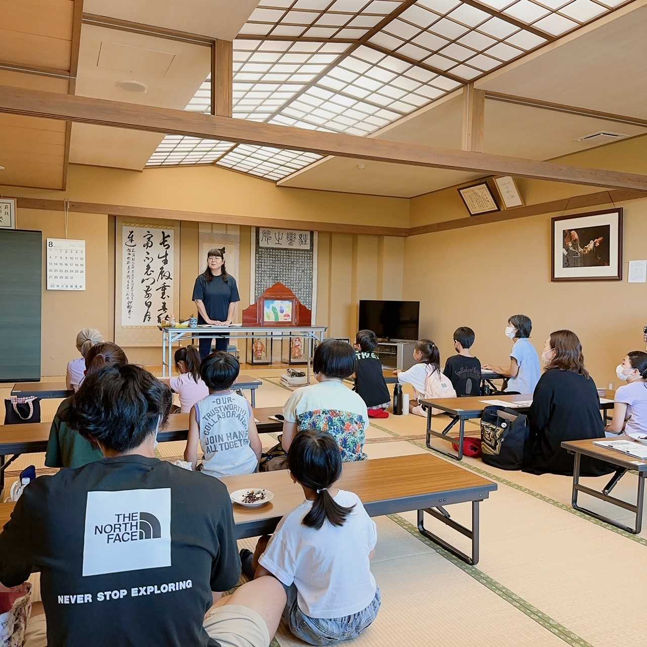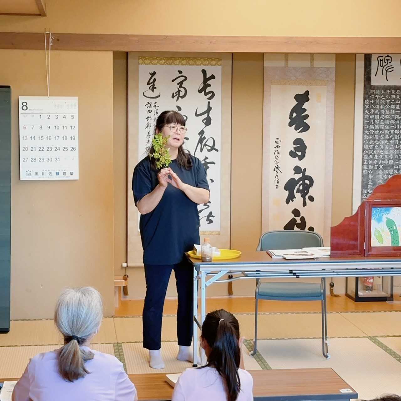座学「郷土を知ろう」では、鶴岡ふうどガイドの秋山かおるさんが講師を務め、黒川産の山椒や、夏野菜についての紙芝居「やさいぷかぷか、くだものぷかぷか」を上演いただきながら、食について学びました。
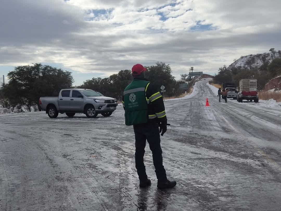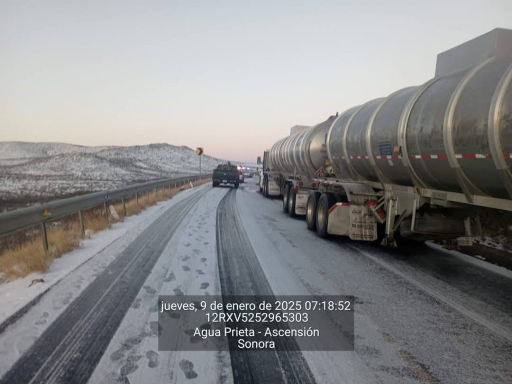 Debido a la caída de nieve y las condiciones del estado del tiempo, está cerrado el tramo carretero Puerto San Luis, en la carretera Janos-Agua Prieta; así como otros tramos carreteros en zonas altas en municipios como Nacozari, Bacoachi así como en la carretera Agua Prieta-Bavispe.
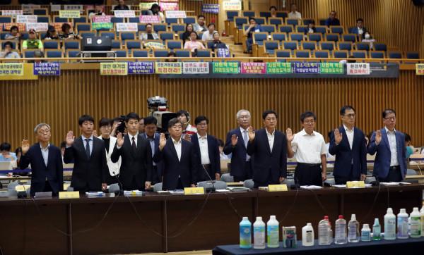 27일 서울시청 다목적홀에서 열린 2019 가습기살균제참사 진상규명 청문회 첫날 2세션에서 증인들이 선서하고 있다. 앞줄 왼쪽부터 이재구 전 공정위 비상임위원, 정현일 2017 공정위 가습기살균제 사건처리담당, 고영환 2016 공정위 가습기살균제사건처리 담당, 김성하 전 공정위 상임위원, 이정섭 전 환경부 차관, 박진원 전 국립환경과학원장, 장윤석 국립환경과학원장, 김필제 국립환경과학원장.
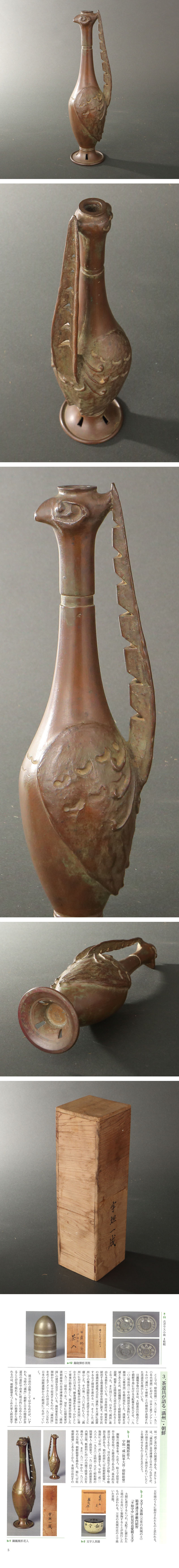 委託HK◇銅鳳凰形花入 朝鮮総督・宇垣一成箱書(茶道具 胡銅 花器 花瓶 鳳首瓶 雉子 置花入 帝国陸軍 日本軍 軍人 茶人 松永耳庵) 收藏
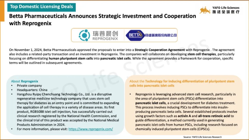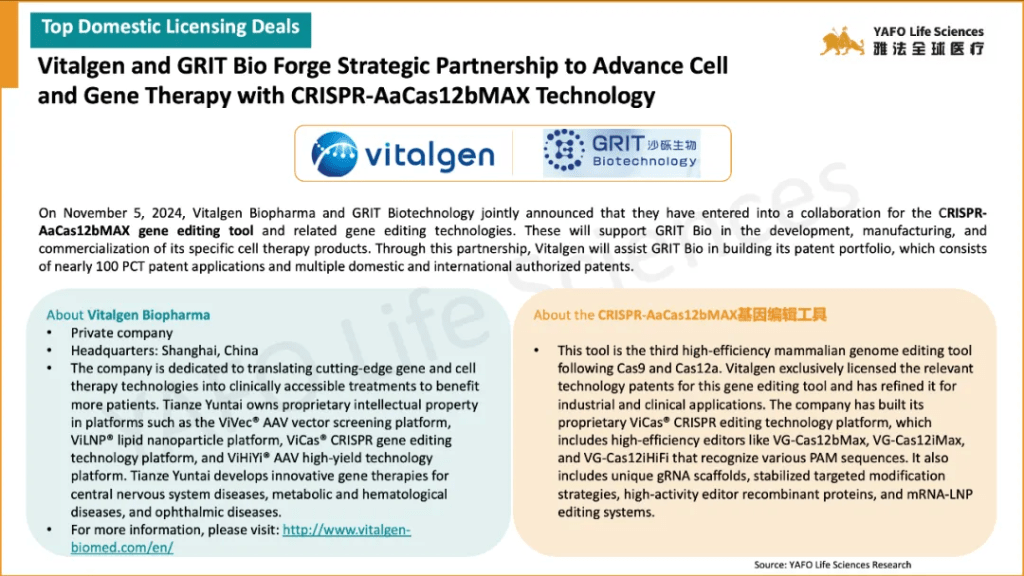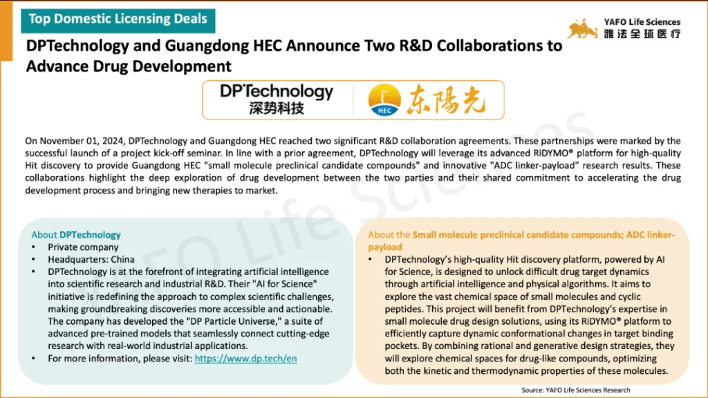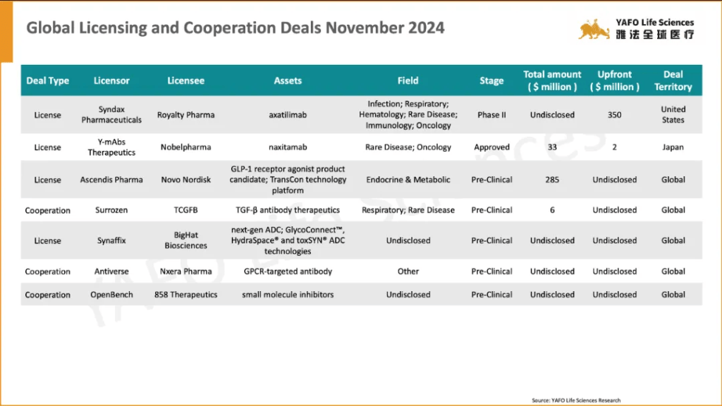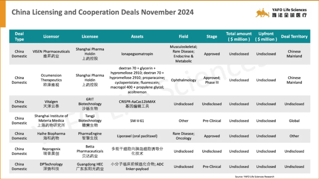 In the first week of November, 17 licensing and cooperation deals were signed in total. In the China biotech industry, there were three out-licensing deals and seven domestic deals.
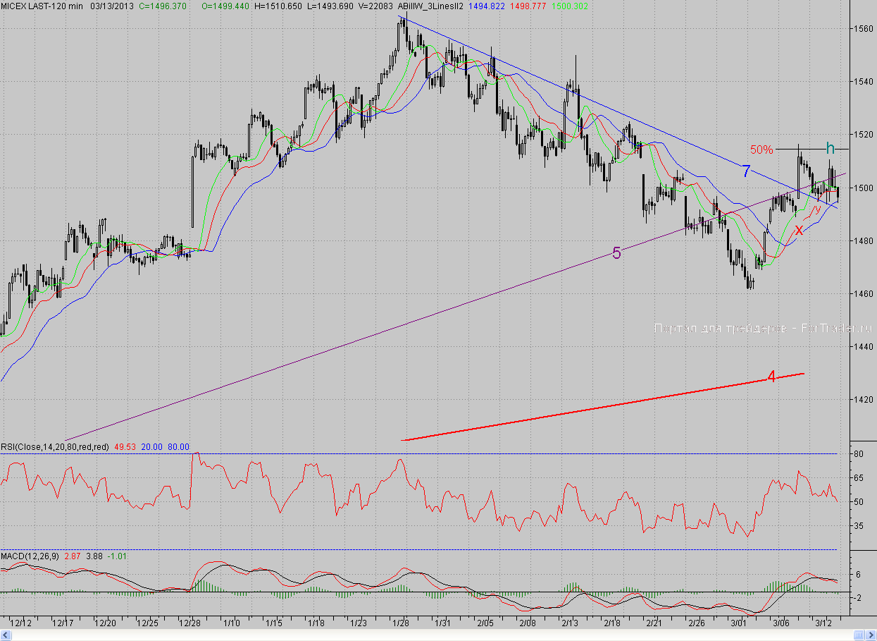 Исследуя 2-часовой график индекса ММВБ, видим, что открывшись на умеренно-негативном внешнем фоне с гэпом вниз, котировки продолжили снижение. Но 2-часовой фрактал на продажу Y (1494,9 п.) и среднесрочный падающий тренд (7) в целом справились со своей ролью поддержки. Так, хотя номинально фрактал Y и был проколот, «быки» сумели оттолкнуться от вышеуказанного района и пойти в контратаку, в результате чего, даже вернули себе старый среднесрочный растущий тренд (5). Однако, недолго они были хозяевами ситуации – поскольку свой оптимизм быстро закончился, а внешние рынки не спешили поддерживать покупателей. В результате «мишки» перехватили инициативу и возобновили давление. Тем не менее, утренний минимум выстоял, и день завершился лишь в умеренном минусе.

__TASK REQUIREMENTS__
Repeat the listing above exactly from its first line to the line containing "Debido a la", both included, and omit the pictures.

__EXERCISE RESPONSE__
座学「郷土を知ろう」では、鶴岡ふうどガイドの秋山かおるさんが講師を務め、黒川産の山椒や、夏野菜についての紙芝居「やさいぷかぷか、くだものぷかぷか」を上演いただきながら、食について学びました。
 Debido a la caída de nieve y las condiciones del estado del tiempo, está cerrado el tramo carretero Puerto San Luis, en la carretera Janos-Agua Prieta; así como otros tramos carreteros en zonas altas en municipios como Nacozari, Bacoachi así como en la carretera Agua Prieta-Bavispe.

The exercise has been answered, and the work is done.